How to find code only used by tests

1. Generate separate jars for both prod and test code

First generate both your jars. This is going to vary with which build system you use (Ant, Maven, Gradle, etc.). But you need to generate your prod_jar which just has the classes that are used by the code that you ship to production and your test_jar that includes all of your test code. If it also includes your production code that’s expected as step 4 will handle it

2. Generate class dependencies

You want a list of what classes each class depends on. I initially used jdeps, but it wouldn’t include SubBusinessLogic.java as a dependency of BusinessLogic.java if they are in the same package. So I ended up using classycle as it does output that type of dependency. To generate them you run

java -jar classycle.jar -raw test_jar > test_jar_raw.txt

java -jar classycle.jar -raw prod_jar > prod_jar_raw.txt

If you have multiple jars for prod and test you want to add all the dependencies in the same file

3. Filter output to make them comparable

The output produces is meant to be human readable, with each class in your project being in it’s own section and looking like

class com.yourcorp.BusinessLogic.java
    known internal class com.yourcorp.SubBusinessLogic.java 
    unknown external class java.util.List

You only want the dependencies, not the class. You can filter these by first grepping for the lines with leading spaces. Then you most likely only want the files that start with com.yourcorp as those are the ones you are most likely to own.
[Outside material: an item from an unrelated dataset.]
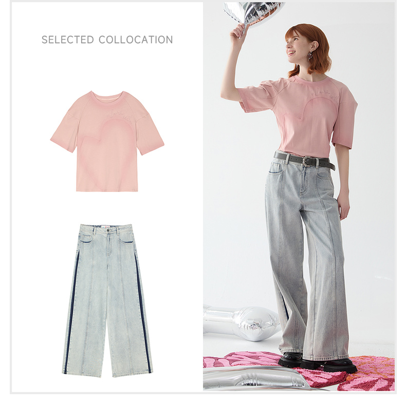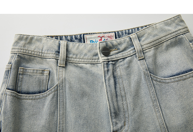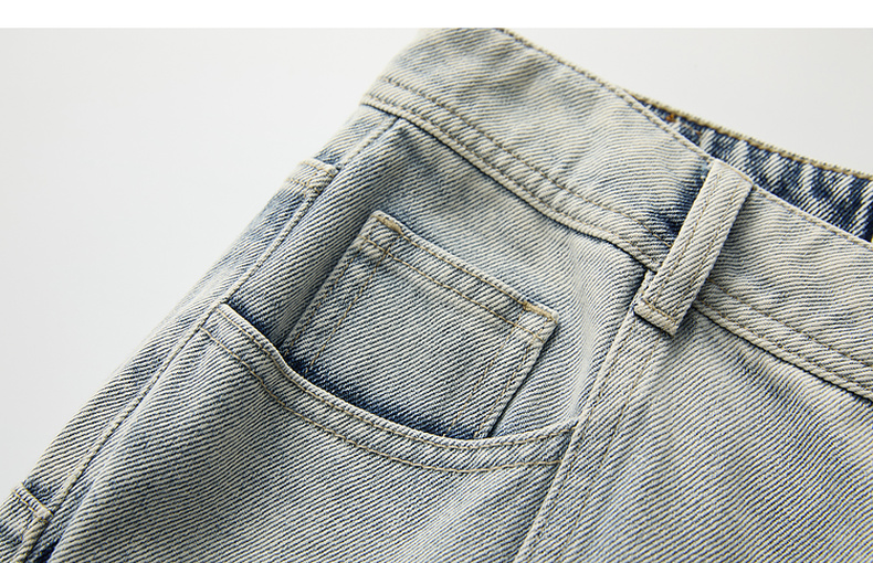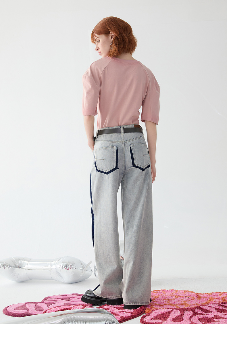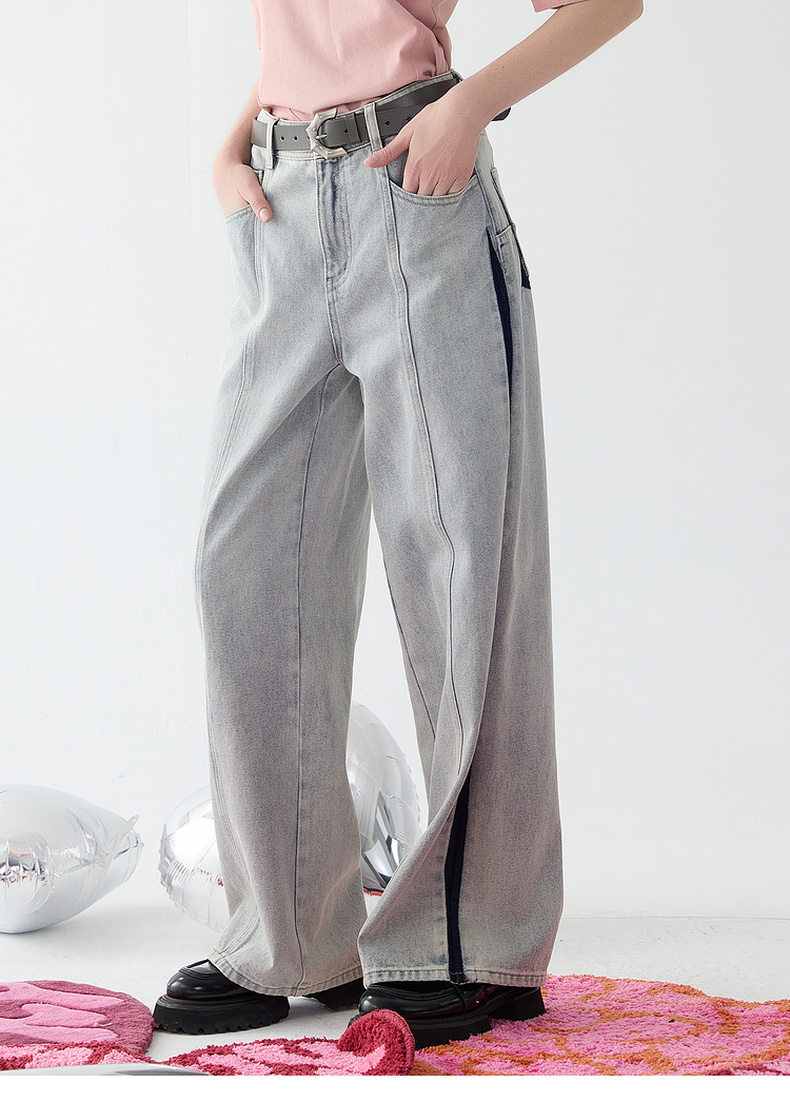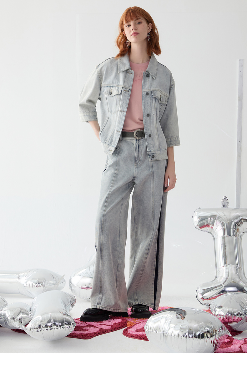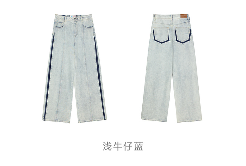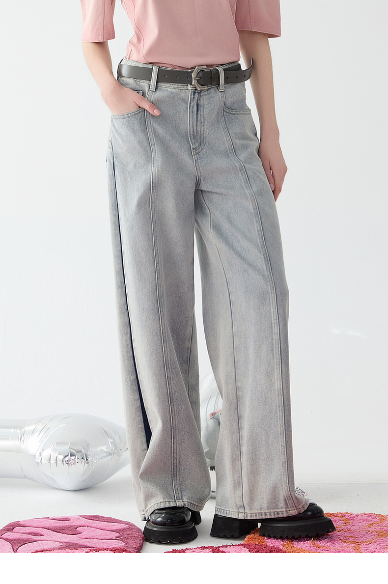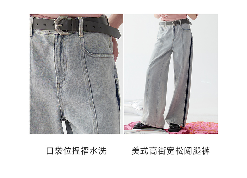 谜底牛仔阔腿裤女士2025春季新品复古风水洗棉浅色长裤251MK0047

grep '    ' test_jar_raw.txt | grep -o 'com.yourcorp\S*'> ref_by_test
grep '    ' prod_jar_raw.txt | grep -o 'com.yourcorp\S*'> ref_by_prod

You can also use this output to get counts of how many places a class is referenced. If a class is only referenced in one place, and it’s not a design decision it’s often good candidates for merging/inlining

4. Get a singular sorted list of each jar’s dependant classes

cat ref_by_test | sort | uniq > sorted_test_deps

cat ref_by_prod | sort | uniq > sorted_prod_deps

5. Compare them and examine results.

comm -23 sorted_test_deps sorted_prod_deps

These are classes that are only referenced by tests and are candidates for deletion. Using Intelij my process is to go through them case by case

  1. Verify that they are uneeded (see Limitations below)
  2. Safe delete the refrencing test class
  3. Safe delete the class

Then run locally, run integration tests and send for review. By doing this you can easily delete a few thousand lines of code in an afternoon

Limitations

Non-recursive

After the example code change above Application.java no longer references BusinessLogic.java but BusinessLogic.java still references SubBusinessLogic.java. So in the first pass of running this BusinessLogic.java would come up but SubBusinessLogic.java would not. So you want to run this more than once to get all the unneeded classes.

Test helpers

There will also be some false positives. Some of these will be test helper classes, that are used for common test setup or requirements. You can easily filter most of the test helpers with grep -iv test. There might still be some test helpers that don’t use test in the name though. For example ApplicationTest.java might inject a subclass of BusinessLogic.java called SimpleBusinessLogic.java, which for testing purposes doesn’t call to a database

Entry Points

Some of the false positives will be your package’s entry points, API hooks, http endpoints or main depending on the type of java application. So in the example above Application.java would appear because it is not referenced by any other prod class, but is tested. Usually these will be in the same subpackage so can be filtered with grep -v com.yourcorp.api or whatever package the entry points are in.


  1. I once had to do this in as step 6 of a larger process of safely changing an API 

  2. The issue here has been an issue since at least 2012